Otoacoustic emissions--an approach for monitoring aminoglycoside induced ototoxicity in children.

OBJECTIVES

The early detection of hearing impairment caused by ototoxic drugs, such as aminoglycosides, has been the aim of research world-wide. Histopathological studies have shown that the outer hair cells are the most susceptible cochlear components to injury from ototoxic drugs like aminoglycosides. Otoacoustic emissions reflect the functional status of the outer hair cells and constitute the only non-invasive means of objective cochlear investigation. The aim of this study was to evaluate the potential of otoacoustic emissions in early identification of aminoglycoside-induced cochlear dysfunction. In addition, a comparison with pure-tone audiometry or auditory brainstem responses was performed in order to determine if this test might provide a more reliable method of monitoring early ototoxic insults to the cochlea.

METHODS

Twenty four children receiving gentamicin (4 mg/kg once daily) for 6-29 days were included in the study. Eleven children received gentamicin for up to 7 days (group A), while 13 underwent longer-term therapy lasting 8-29 days (group B).

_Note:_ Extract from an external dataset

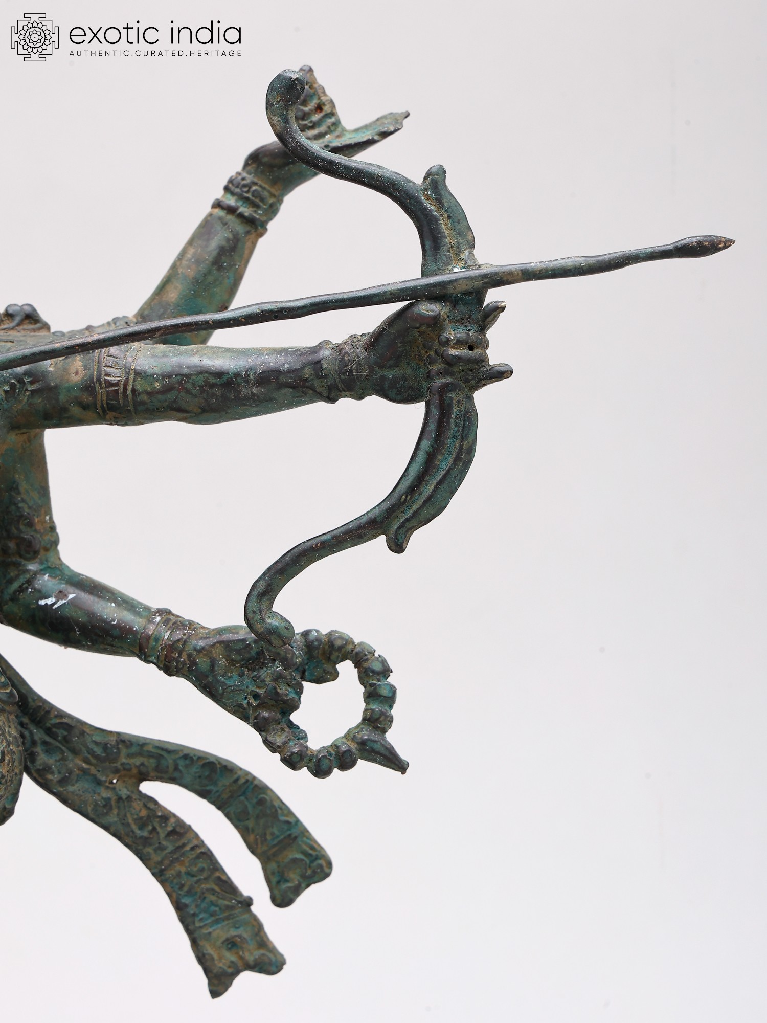 This brass statue is more than just a decorative object; it is an object of devotion and a piece of art that carries deep cultural and spiritual significance. The weight and texture of the brass, combined with the intricate details, create a tactile and visual experience that draws the viewer into the divine presence of Lord Shiva. Its presence in a home or sanctuary can serve as a constant source of inspiration, courage, and a reminder of the underlying order of the universe. The verdigris patina, far from being a sign of age, is often cherished in such bronzes as it adds depth and character, making each piece unique. This exquisite representation of Lord Shiva as the wielder of the Pinaka bow is a profound statement of faith and a celebration of enduring artistic traditions.
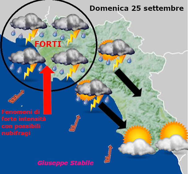 Domenica 25 settembre: cielo da nuvoloso a molto nuvoloso ad iniziare dal settore nord-occidentale della regione con precipitazioni che interesseranno segnatamente le aree comprese tra il casertano, l'alto napoletano ed il sannio nord-occidentale. Su queste aree le precipitazioni potrebbero assumere carattere di forte intensità con temporali autorigeneranti. Sul settore centrale della regione i fenomeni risulteranno meno intensi ed intervallati da schiarite anche se tra la tarda mattinata ed il primo pomeriggio non si esclude la possibilità di qualche temporale anche di forte intensità. Più a sud il rischio di precipitazioni sarà molto basso, al più potrebbe verificarsi qualche piovasco sparso segnatamente sul versante occidentale dell'appennino. Nel corso della serata i fenomeni tenderanno a progredire verso sud ed entro la nottata interesseranno gran parte della regione. Ma sarà nella giornata di lunedì che avremo piogge e temporali ovunque con possibilità di nubifragi tra la Piana del Sele, l'irpinia e l'alto salernitano (ne riparleremo).

Hearing was serially monitored using transient evoked otoacoustic emissions and pure-tone audiometry (0.25-12 kHz) or auditory brainstem responses for younger or uncooperative children. Transient evoked otoacoustic emissions data were analysed in terms of emission amplitude and response reproducibility as a function of frequency.

RESULTS

All patients yielded a normal baseline audiometric assessment upon hospital admission. For group A patients no significant changes in hearing levels were observed either by pure-tone audiometry (P = 0.2), auditory brainstem responses (P = 0.3) or transient evoked otoacoustic emissions (mean response: P = 0.06, reproducibility by frequency: P > 0.05). For group B patients no significant changes in hearing levels measured by pure-tone audiometry (P = 0.1) or auditory brainstem responses (P = 0.4) were observed. Transient evoked otoacoustic emissions however revealed a statistically significant decrease in the mean response level (P = 0.017) and in the reproducibility over the whole frequency spectrum (1 kHz: P = 0.0057, 2 kHz: P = 0.0247, 3 kHz: P = 0.0134, 4 kHz: P = 0.0049, 5 kHz: P = 0.0019).

CONCLUSIONS

The findings suggest that transient evoked otoacoustic emissions are an extremely sensitive measure of the early effects of aminoglycoside-induced injury to the peripheral auditory system. Therefore, their use is recommended for regular monitoring of cochlear function, in the presence of potentially toxic factors, aiming at prevention of permanent damage.